*Activity*. Would you transcribe the entries below, beginning at the line with "PIECES CHOISIES |" and ending after the line with "CABBEEN black and", exactly, with no picture and nothing more?

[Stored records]
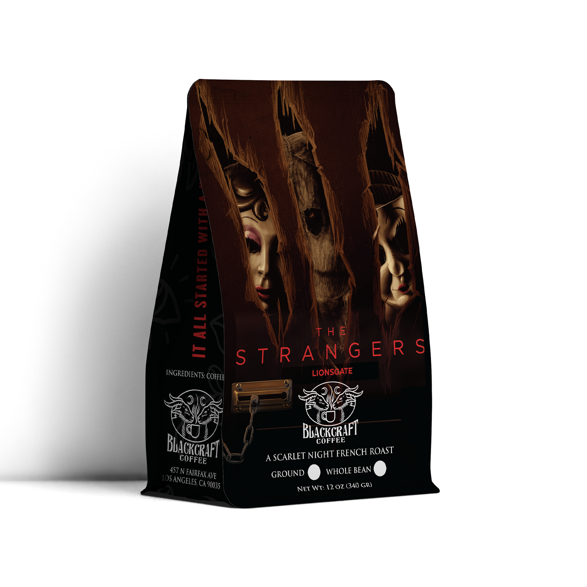Blackcraft Coffee & Lionsgate have teamed up to bring you The Officially Licensed Strangers Chapter 2, A Scarlet Night French Roast. A perfect blend of coffee beans from Colombia, Brazil, Sumatra, and Kenya.
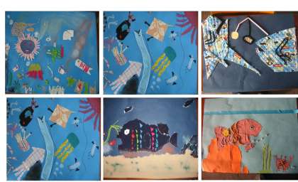 布の性質(ふわふわ,ごわごわ,ひらひら,・・・)や模様を生かして,素敵な作品が仕上がりました。
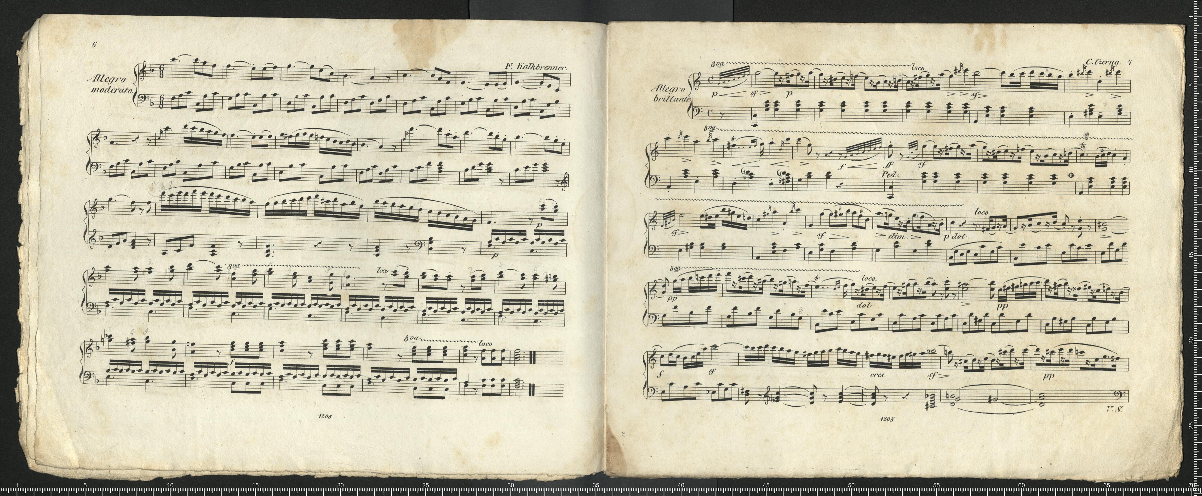 PIECES CHOISIES | FACILES | Pour le Pianoforte | extrait des Oeuvres de | CH. CZERNY, HUMMEL, | Kalkbrenner, Moscheles, Ries. | Cahier 1. Pr. 12 Gr. | à Leipsic chez Fréderic Hofmeister. | à Varsovie chez André Brzezina
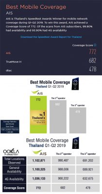 3.เครือข่ายมือถือที่ครอบคลุมมากที่สุดในไทย (Thailand’s Best Mobile Coverage) ได้แก่ AIS เป็นอันดับ 1 ด้วยคะแนน 772 คะแนน จากการทดสอบในพื้นที่ที่ให้บริการอินเทอร์เน็ตมากกว่า 1 ล้านพื้นที่ ในช่วงเดือนมกราคม-มิถุนายน 2562
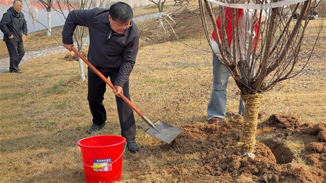 师生们热情高涨,现场呈现一片繁忙有序的劳动景象。大家分工协作,从挖坑、扶苗培土到提水浇灌,每一道工序都认真细致、一丝不苟。劳动间隙,欢声笑语和铁锹声此起彼伏,汗水与热情共同孕育着绿色的希望。在和煦的春风中,一株株新绿迎风挺立,为春日的校园注入了盎然生机,也生动展现了安外人团结协作、积极向上的精神风貌。
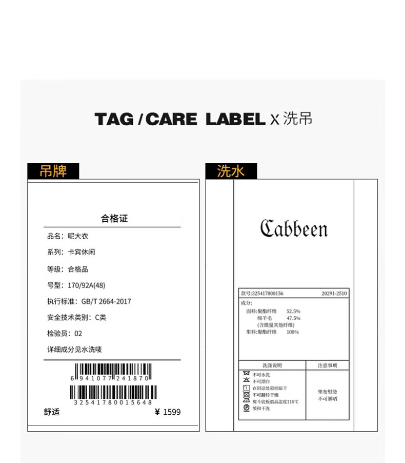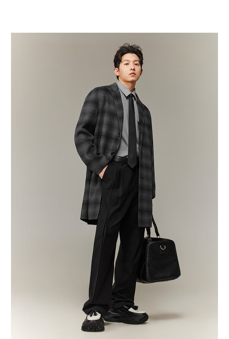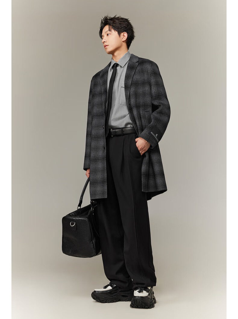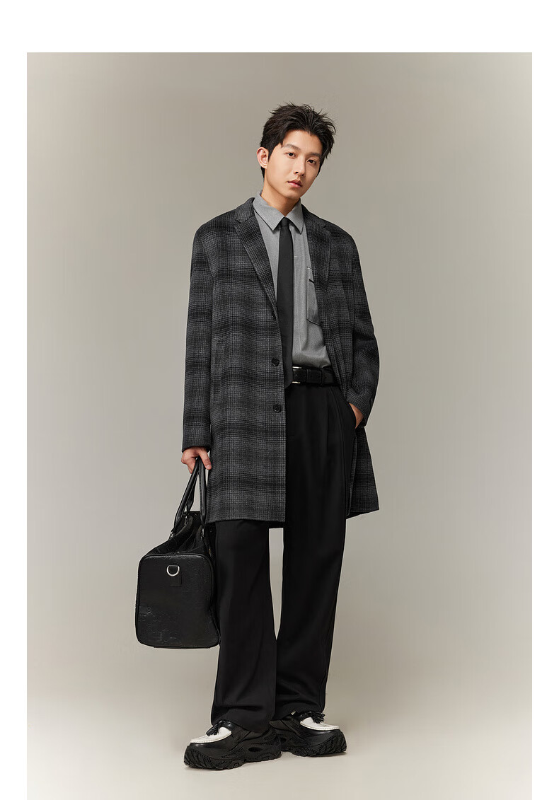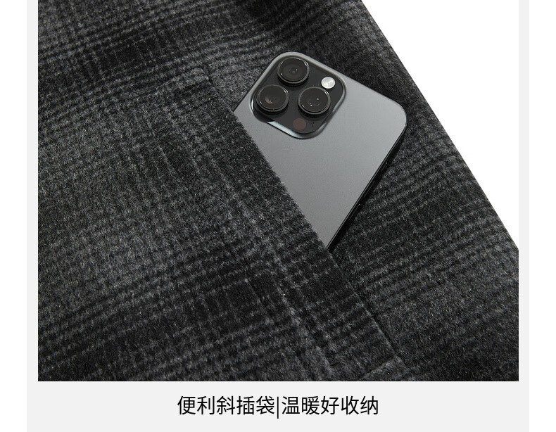 CABBEEN black and gray plaid double-sided woolen coat customized CABBEEN single C exclusive armband winter woolen plaid coat dark gray 56 L /175/50
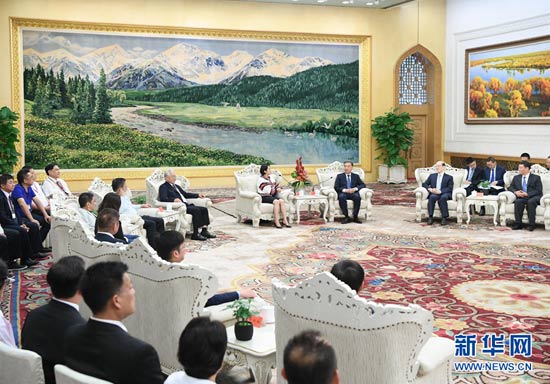6月28日,中共中央政治局常委、全國(guó)政協(xié)主席汪洋在北京會(huì)見(jiàn)臺(tái)灣兩岸和平發(fā)展論壇榮譽(yù)顧問(wèn)高金素梅率領(lǐng)的臺(tái)灣民意代表和少數(shù)民族參訪團(tuán)。新華社記者 申宏 攝

*Task response*.
 PIECES CHOISIES | FACILES | Pour le Pianoforte | extrait des Oeuvres de | CH. CZERNY, HUMMEL, | Kalkbrenner, Moscheles, Ries. | Cahier 1. Pr. 12 Gr. | à Leipsic chez Fréderic Hofmeister. | à Varsovie chez André Brzezina
 3.เครือข่ายมือถือที่ครอบคลุมมากที่สุดในไทย (Thailand’s Best Mobile Coverage) ได้แก่ AIS เป็นอันดับ 1 ด้วยคะแนน 772 คะแนน จากการทดสอบในพื้นที่ที่ให้บริการอินเทอร์เน็ตมากกว่า 1 ล้านพื้นที่ ในช่วงเดือนมกราคม-มิถุนายน 2562
 师生们热情高涨,现场呈现一片繁忙有序的劳动景象。大家分工协作,从挖坑、扶苗培土到提水浇灌,每一道工序都认真细致、一丝不苟。劳动间隙,欢声笑语和铁锹声此起彼伏,汗水与热情共同孕育着绿色的希望。在和煦的春风中,一株株新绿迎风挺立,为春日的校园注入了盎然生机,也生动展现了安外人团结协作、积极向上的精神风貌。
 CABBEEN black and gray plaid double-sided woolen coat customized CABBEEN single C exclusive armband winter woolen plaid coat dark gray 56 L /175/50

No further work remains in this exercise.